Amid Dueling Forecasts, Aegis Also Sees An Ad Expansion

Lost in the shuffle of higher-profile ad spending forecasts, the head of the world's largest pure-play media agency Monday also said it's seeing ongoing evidence of a turnaround in the United States, although the change is taking place more slowly in Europe, its biggest market.

"While it's not been a fabulous year, it has been a good year," said Doug Flynn, chairman and chief executive officer of Aegis Group PLC, the London-based holding company that owns Carat. The $2 billion company has 54 percent of its business in media, compared to 34 percent in research and 14 percent in communications planning. Yet 59 percent of its business is in Europe, with only 31 percent in the United States and 10 percent in the rest of the world.

That's an important distinction, since business in Europe has been nothing to write home about.
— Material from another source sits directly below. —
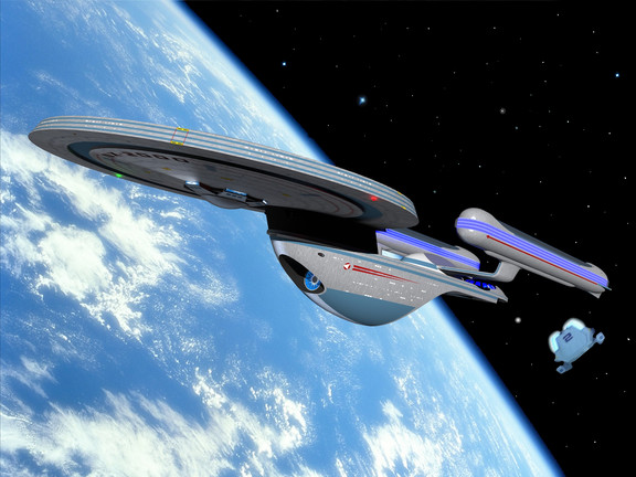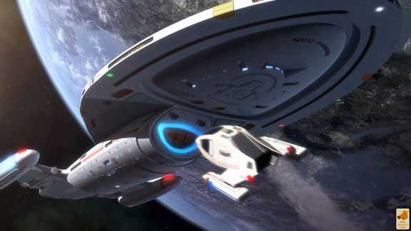 Beautiful picture. I especially love the shuttlecraft in the foregound

Yet based on the strength of the TV upfront and strong growth in Gross Domestic Product (GDP), Flynn said that advertising spending would finish the year with a 3.4 percent increase in the United States, and predicted that it would be up 4.7 percent in 2004. Flynn said that the growth in the United States next year would be the result of the presidential election, an increase in corporate investing in revenue growth, and competitive pressure in the marketplace.
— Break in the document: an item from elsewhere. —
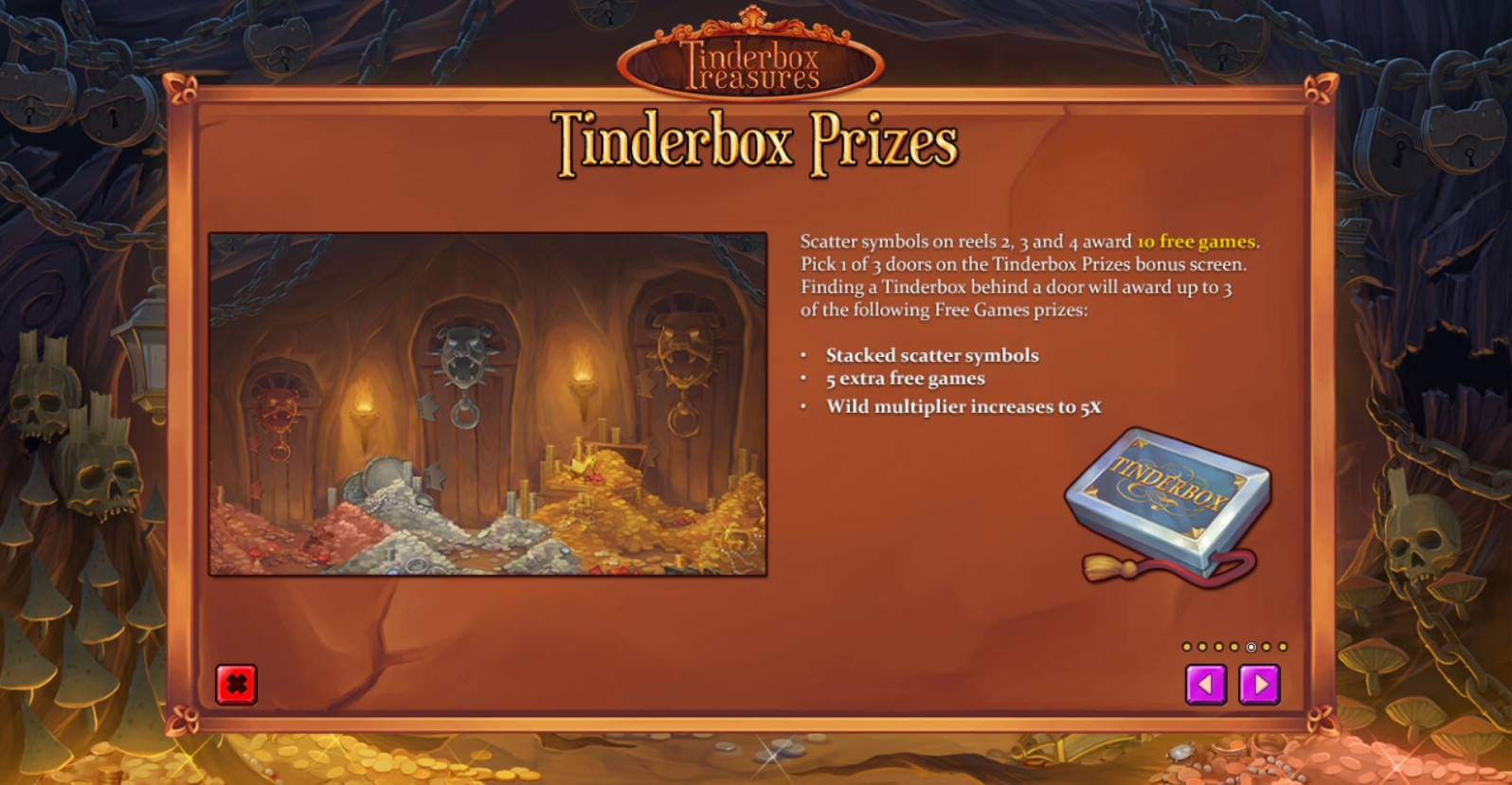 - Tinderbox Prizes – Бесплатным спинам предшествует розыгрыш дополнительных призов. На экране появляются три двери. Нужно выбрать одну из них. Если вам удастся найти коробочку с огнивом, вас ждет подарок: еще пять фри-спинов, стекированные скаттеры или множитель джокеров х5.

Flynn said that in the second half of 2003, corporations have become more interested in investing for topline growth. He said leaders have already begun to do this, and other companies are forced to follow to avoid being left behind.

"Things are looking a little better. It's a slow, somewhat uncertain climb," Flynn said.

Also uncertain is the research business, for which Aegis said it didn't have data available for 2003. But Flynn said Aegis believed that underlying growth would be low in 2003, at around 2 percent. While the consumer packaged goods research sector seems to be recovering, automotive research was flat to down, health care was seeing some recovery, and technology research remained anemic. Flynn said that research doesn't seem to be as susceptible to recession as media buying and marketing.

"The flip side to that is that [it] doesn't come out [of recession] growing robustly," Flynn said. He said that research doesn't appear to have more than modest growth in 2004.